§ INFORMATION SUPPLIED:
BEGIN
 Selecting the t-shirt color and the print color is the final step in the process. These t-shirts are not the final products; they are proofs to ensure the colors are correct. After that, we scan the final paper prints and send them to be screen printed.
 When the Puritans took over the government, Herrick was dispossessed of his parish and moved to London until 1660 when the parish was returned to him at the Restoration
END
BEGIN
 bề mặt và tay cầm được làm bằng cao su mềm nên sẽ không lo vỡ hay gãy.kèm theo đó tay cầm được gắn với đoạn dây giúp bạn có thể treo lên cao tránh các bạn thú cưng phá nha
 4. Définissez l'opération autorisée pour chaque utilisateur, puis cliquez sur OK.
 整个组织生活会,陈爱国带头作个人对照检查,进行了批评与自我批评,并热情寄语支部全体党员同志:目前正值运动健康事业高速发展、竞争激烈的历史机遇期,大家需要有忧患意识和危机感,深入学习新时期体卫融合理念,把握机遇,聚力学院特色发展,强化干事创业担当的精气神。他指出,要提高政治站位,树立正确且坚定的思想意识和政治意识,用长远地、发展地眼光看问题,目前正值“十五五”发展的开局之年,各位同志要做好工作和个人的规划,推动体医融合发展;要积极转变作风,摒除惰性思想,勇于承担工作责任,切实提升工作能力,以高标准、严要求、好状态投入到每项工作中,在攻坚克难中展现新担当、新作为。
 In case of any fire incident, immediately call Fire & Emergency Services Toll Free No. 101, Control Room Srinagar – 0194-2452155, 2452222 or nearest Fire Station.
END
§ WHAT IS NEEDED: Your answer should consist only of the lines above between the line holding "4. Définissez l'opération" and the line holding "In case of any", inclusive, each transcribed exactly.

§ TASK ANSWER:
 4. Définissez l'opération autorisée pour chaque utilisateur, puis cliquez sur OK.
 整个组织生活会,陈爱国带头作个人对照检查,进行了批评与自我批评,并热情寄语支部全体党员同志:目前正值运动健康事业高速发展、竞争激烈的历史机遇期,大家需要有忧患意识和危机感,深入学习新时期体卫融合理念,把握机遇,聚力学院特色发展,强化干事创业担当的精气神。他指出,要提高政治站位,树立正确且坚定的思想意识和政治意识,用长远地、发展地眼光看问题,目前正值“十五五”发展的开局之年,各位同志要做好工作和个人的规划,推动体医融合发展;要积极转变作风,摒除惰性思想,勇于承担工作责任,切实提升工作能力,以高标准、严要求、好状态投入到每项工作中,在攻坚克难中展现新担当、新作为。
 In case of any fire incident, immediately call Fire & Emergency Services Toll Free No. 101, Control Room Srinagar – 0194-2452155, 2452222 or nearest Fire Station.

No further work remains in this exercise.